The simplest regular expression is string. "Bob", "Mary", and "Dragon" are all extremely simple regular expressions. If we wanted to make them a bit more complex, we could specify that we want Bob to be the first three characters on the line. In that case our regular expression would be "^Bob". If we wanted Bob to be the last three characters of the line, we'd use the regular expression "Bob$".

This brings us to the meat of regular expressions: meta-characters. These are characters which stand for something other than themselves. The two that we've seen so far are ^ and $. The carrot (^) represents the beginning of a line. Thus wherever the carrot appears, it will only match if the beginning of the line is there. The dollar sign ($) represents the end of the line, again matching only where the end of the line is. As might be obvious, if you put a ^ anywhere but at the beginning of the regular expression or the $ anywhere but at the end, the regular expression cannot match any text. It is impossible for the beginning of the line to match after characters: the definition of the beginning of the line is the place before any characters. (This isn't strictly true. The ^ may have other meanings in special contexts but this is true for simple regular expressions. Certain options to the regular expression parser may also make this untrue. However, the general idea is important, at least for simple regular expressions.)

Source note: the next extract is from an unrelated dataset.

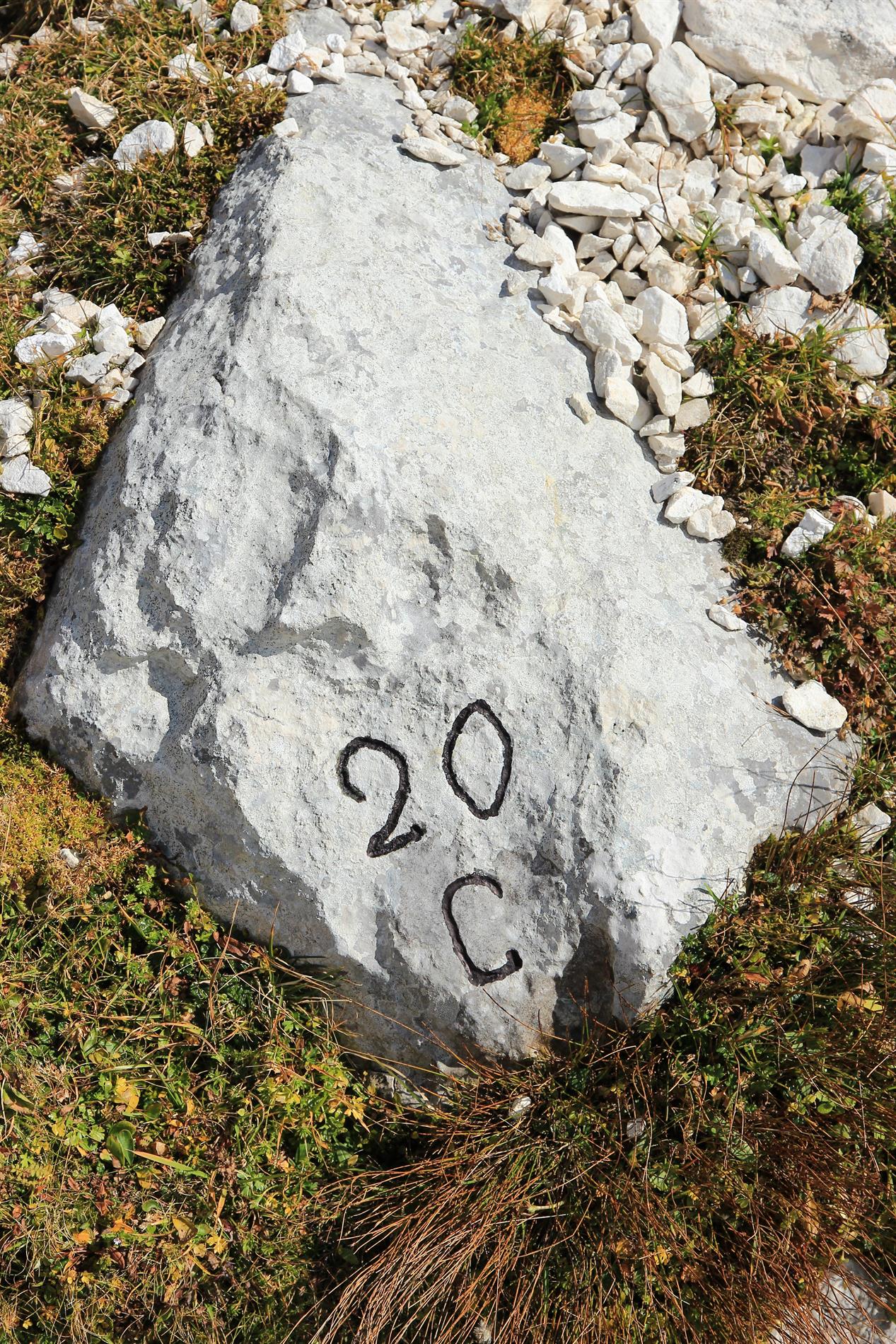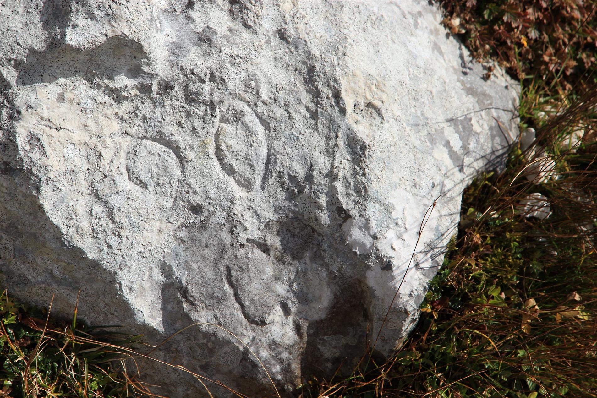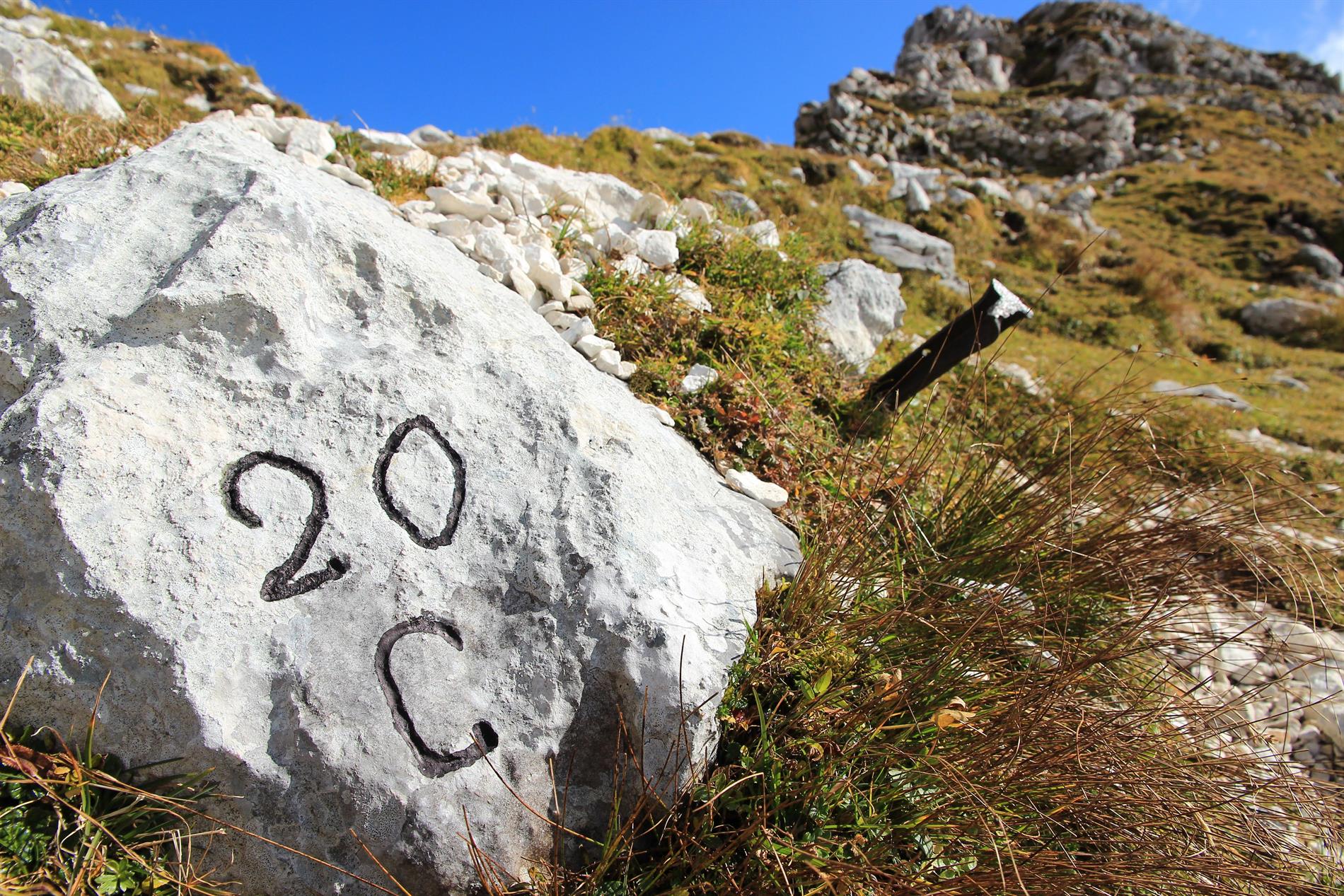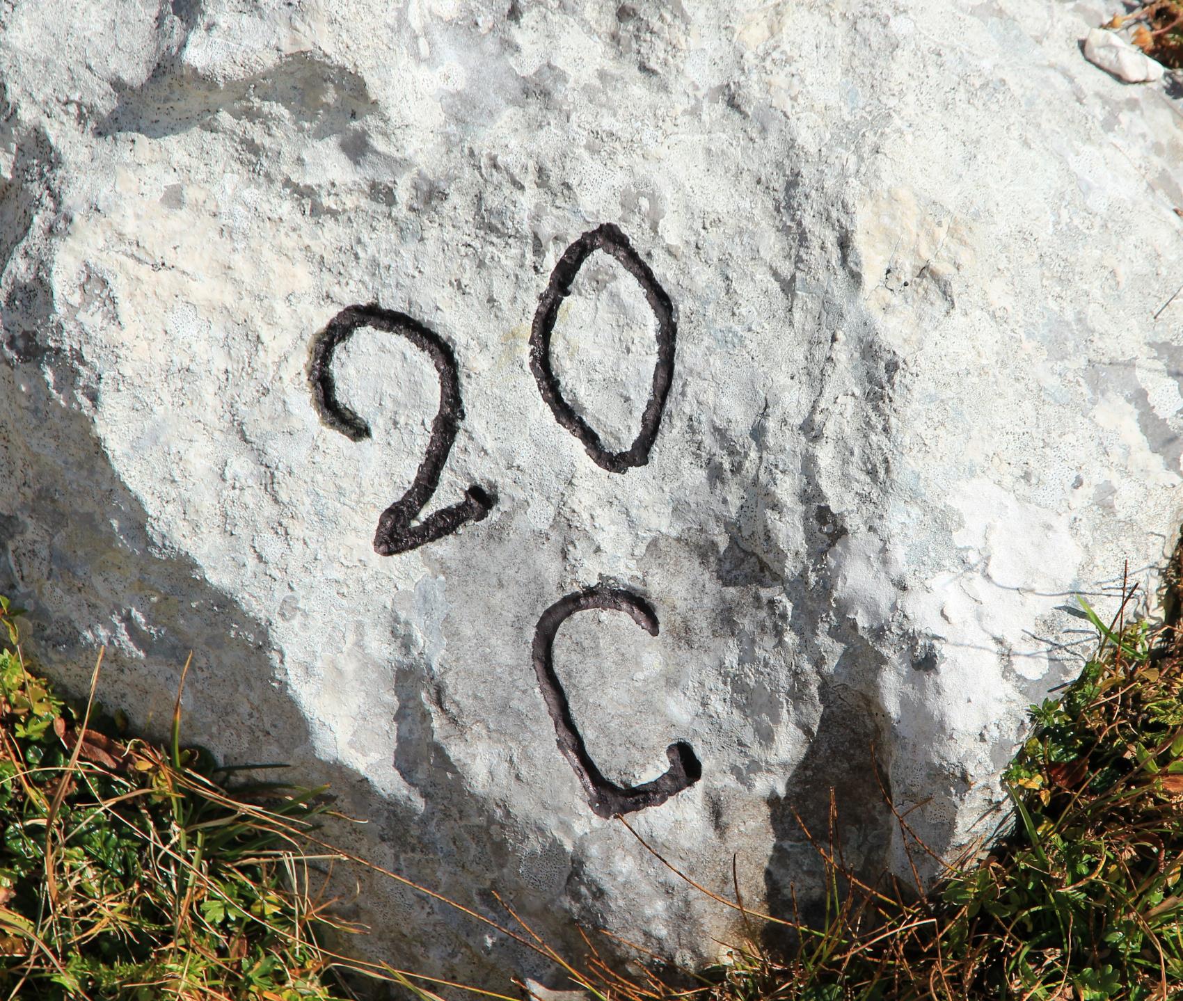Iscrizione di significato non ancora compreso, situata lungo il sentiero di guerra realizzato dalle truppe italiane per accedere alle postazioni di prima linea allestite sulla Cima di Terrarossa e presso la vicina omonima Forca.

As a note going forward, the standard way of representing meta-characters when we want to match the characters themselves is to escape them, that is, to put a \ in front of them. Thus if we want to match the string $allary, we would use the regular expression "\$allary".

There are other meta characters, though the more powerful ones tend to vary from program to program. One universal meta character is the dot ".". The dot will match any single character. The sequence \w usually matches a word character (a-z, A-Z, and 0-9) and the sequence \W usually matches non-word characters (everything else, including spaces, tabs, and punctuation).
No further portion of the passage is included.